Records to process Start Marker

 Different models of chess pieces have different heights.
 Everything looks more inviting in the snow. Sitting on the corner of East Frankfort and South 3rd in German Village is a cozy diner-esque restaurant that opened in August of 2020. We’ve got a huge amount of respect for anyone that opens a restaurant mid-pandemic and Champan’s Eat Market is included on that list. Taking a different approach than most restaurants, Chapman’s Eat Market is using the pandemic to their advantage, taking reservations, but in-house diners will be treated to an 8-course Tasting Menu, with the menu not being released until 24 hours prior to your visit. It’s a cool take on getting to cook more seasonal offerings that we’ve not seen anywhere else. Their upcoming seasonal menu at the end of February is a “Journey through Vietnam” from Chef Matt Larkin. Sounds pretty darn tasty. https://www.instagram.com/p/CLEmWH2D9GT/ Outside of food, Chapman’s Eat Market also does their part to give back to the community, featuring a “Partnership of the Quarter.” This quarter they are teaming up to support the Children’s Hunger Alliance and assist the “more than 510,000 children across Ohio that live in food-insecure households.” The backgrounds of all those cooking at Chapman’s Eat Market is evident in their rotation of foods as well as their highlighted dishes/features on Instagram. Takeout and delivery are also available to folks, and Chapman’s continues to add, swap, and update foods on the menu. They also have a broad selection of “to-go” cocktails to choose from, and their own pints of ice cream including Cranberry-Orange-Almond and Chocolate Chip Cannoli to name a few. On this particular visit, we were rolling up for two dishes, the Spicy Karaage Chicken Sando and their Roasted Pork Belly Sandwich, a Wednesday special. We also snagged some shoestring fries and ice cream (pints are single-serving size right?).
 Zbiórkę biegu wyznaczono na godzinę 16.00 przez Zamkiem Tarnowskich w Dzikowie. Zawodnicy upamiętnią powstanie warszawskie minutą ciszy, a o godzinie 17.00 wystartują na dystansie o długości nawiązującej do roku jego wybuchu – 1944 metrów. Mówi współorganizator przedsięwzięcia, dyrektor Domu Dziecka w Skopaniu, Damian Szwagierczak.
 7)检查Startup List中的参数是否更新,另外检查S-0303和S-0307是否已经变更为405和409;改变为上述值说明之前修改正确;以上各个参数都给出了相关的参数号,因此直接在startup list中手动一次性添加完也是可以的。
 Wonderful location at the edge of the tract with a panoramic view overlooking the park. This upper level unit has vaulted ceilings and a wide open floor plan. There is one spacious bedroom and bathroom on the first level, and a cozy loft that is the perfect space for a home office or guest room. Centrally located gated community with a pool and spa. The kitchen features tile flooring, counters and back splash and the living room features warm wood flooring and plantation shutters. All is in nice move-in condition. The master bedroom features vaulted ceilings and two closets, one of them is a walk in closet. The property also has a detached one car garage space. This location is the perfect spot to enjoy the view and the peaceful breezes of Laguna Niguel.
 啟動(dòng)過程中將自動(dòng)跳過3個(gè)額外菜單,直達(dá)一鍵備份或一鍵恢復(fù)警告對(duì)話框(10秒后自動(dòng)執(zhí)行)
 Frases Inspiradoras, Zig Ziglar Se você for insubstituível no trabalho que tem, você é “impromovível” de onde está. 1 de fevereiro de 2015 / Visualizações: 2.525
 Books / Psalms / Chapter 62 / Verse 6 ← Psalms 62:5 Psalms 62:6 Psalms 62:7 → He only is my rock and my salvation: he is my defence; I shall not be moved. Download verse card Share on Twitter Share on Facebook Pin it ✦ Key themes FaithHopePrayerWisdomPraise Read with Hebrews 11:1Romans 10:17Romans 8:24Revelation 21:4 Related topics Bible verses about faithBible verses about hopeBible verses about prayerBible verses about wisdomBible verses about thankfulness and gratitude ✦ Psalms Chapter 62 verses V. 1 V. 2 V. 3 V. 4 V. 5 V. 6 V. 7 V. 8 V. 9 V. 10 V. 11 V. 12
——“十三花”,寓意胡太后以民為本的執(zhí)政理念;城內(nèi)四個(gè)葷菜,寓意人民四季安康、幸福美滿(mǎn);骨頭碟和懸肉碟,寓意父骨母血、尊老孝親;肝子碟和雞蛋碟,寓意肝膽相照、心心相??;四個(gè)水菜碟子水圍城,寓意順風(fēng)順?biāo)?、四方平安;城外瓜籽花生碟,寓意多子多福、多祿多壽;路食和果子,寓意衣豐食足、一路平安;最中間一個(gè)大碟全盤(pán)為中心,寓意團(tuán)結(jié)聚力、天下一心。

Records to process End Marker
Records to process Start Marker

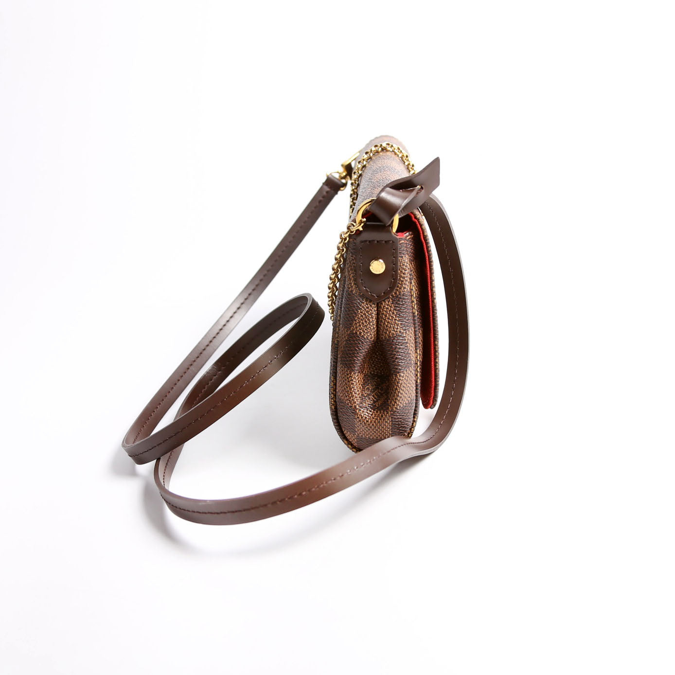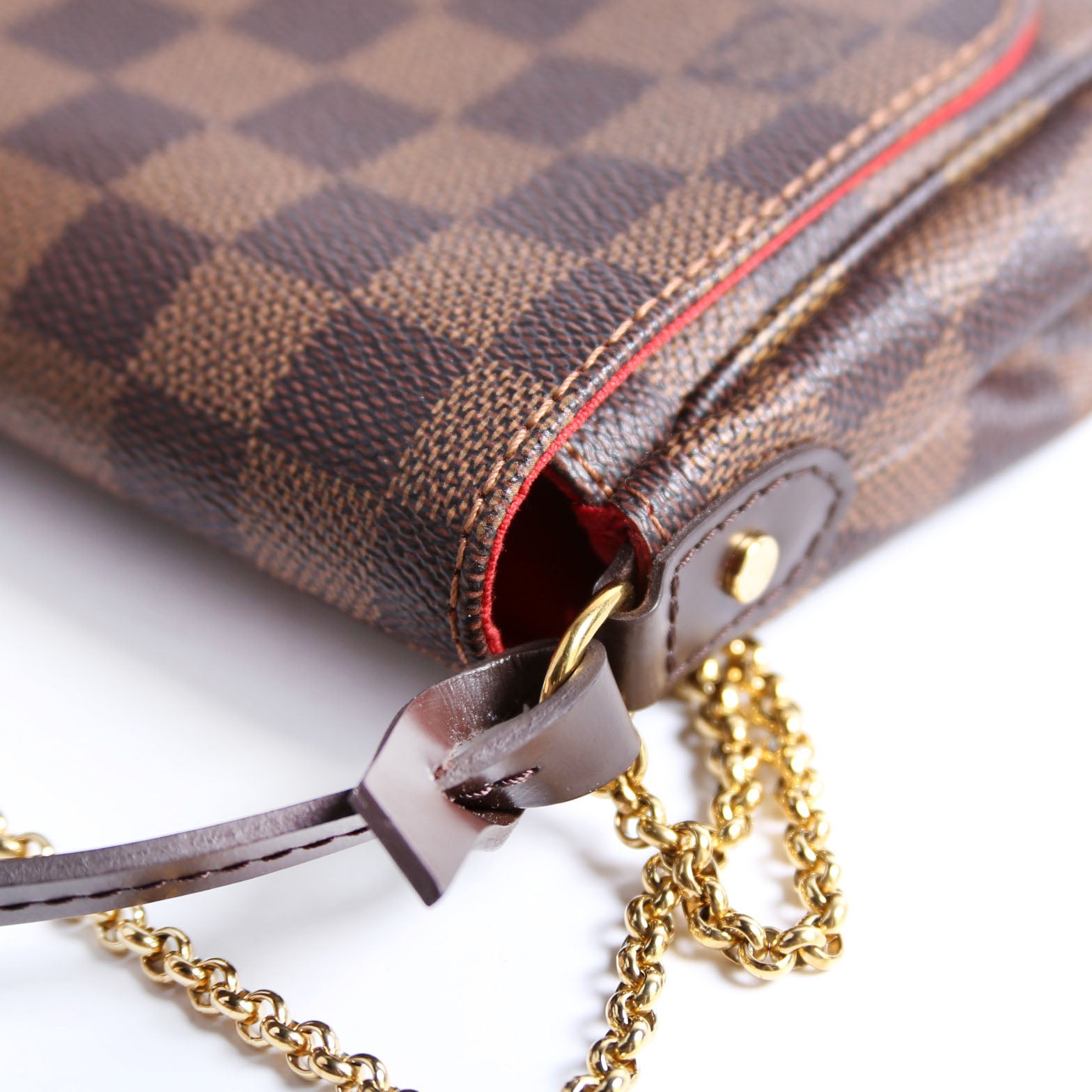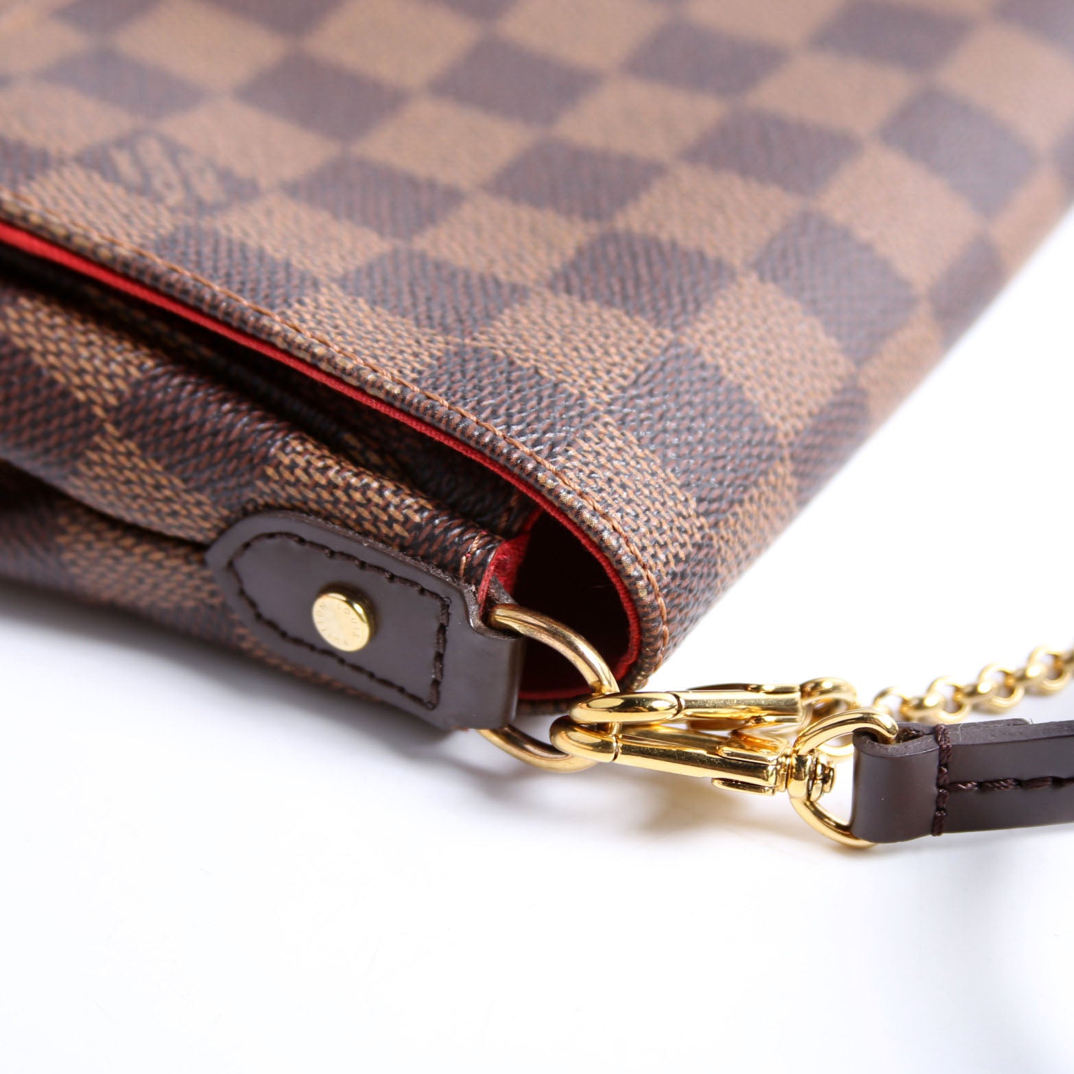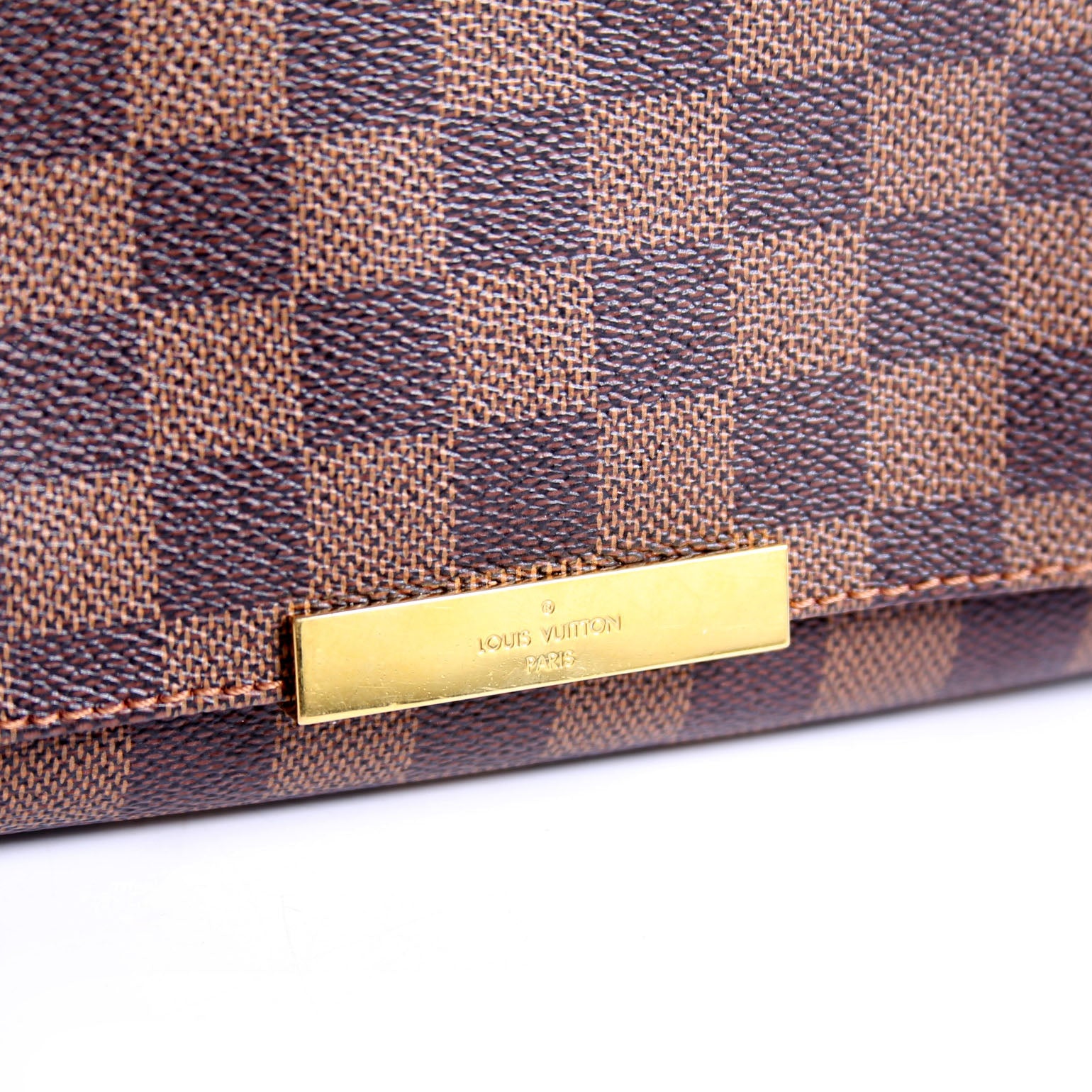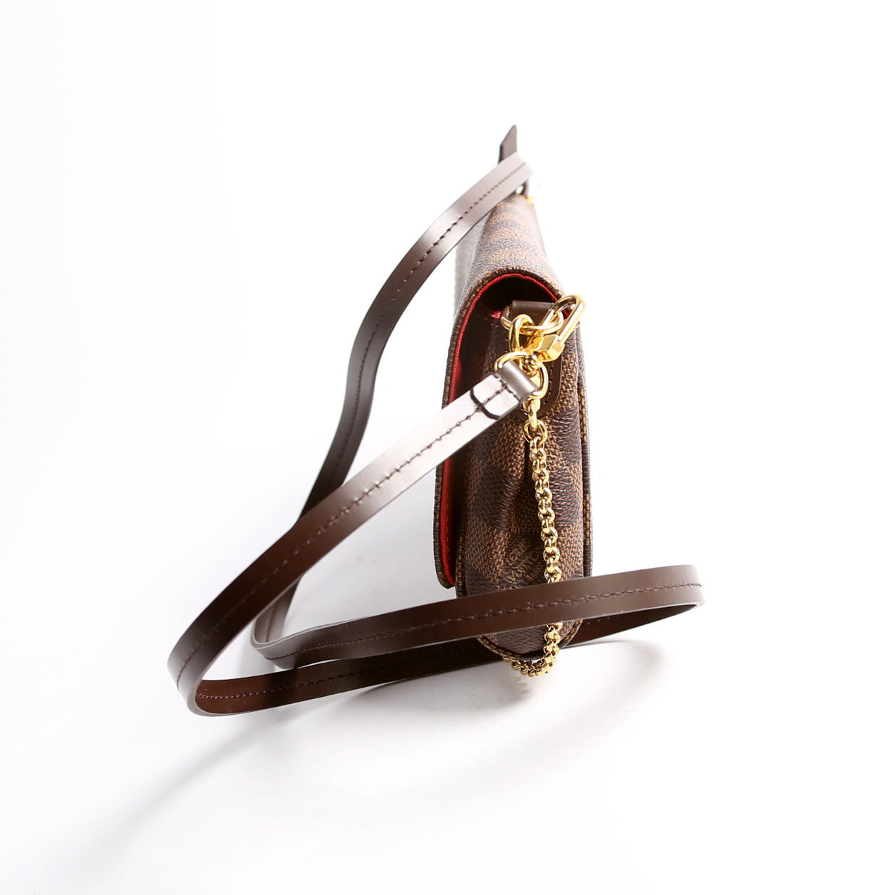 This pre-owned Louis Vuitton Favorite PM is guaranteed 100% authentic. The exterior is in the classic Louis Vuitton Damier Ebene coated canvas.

Records to process End Marker

*What you need to do:* Copy all lines from the entries that contain the word "have".

*Answer space:*
 Different models of chess pieces have different heights.
 Everything looks more inviting in the snow. Sitting on the corner of East Frankfort and South 3rd in German Village is a cozy diner-esque restaurant that opened in August of 2020. We’ve got a huge amount of respect for anyone that opens a restaurant mid-pandemic and Champan’s Eat Market is included on that list. Taking a different approach than most restaurants, Chapman’s Eat Market is using the pandemic to their advantage, taking reservations, but in-house diners will be treated to an 8-course Tasting Menu, with the menu not being released until 24 hours prior to your visit. It’s a cool take on getting to cook more seasonal offerings that we’ve not seen anywhere else. Their upcoming seasonal menu at the end of February is a “Journey through Vietnam” from Chef Matt Larkin. Sounds pretty darn tasty. https://www.instagram.com/p/CLEmWH2D9GT/ Outside of food, Chapman’s Eat Market also does their part to give back to the community, featuring a “Partnership of the Quarter.” This quarter they are teaming up to support the Children’s Hunger Alliance and assist the “more than 510,000 children across Ohio that live in food-insecure households.” The backgrounds of all those cooking at Chapman’s Eat Market is evident in their rotation of foods as well as their highlighted dishes/features on Instagram. Takeout and delivery are also available to folks, and Chapman’s continues to add, swap, and update foods on the menu. They also have a broad selection of “to-go” cocktails to choose from, and their own pints of ice cream including Cranberry-Orange-Almond and Chocolate Chip Cannoli to name a few. On this particular visit, we were rolling up for two dishes, the Spicy Karaage Chicken Sando and their Roasted Pork Belly Sandwich, a Wednesday special. We also snagged some shoestring fries and ice cream (pints are single-serving size right?).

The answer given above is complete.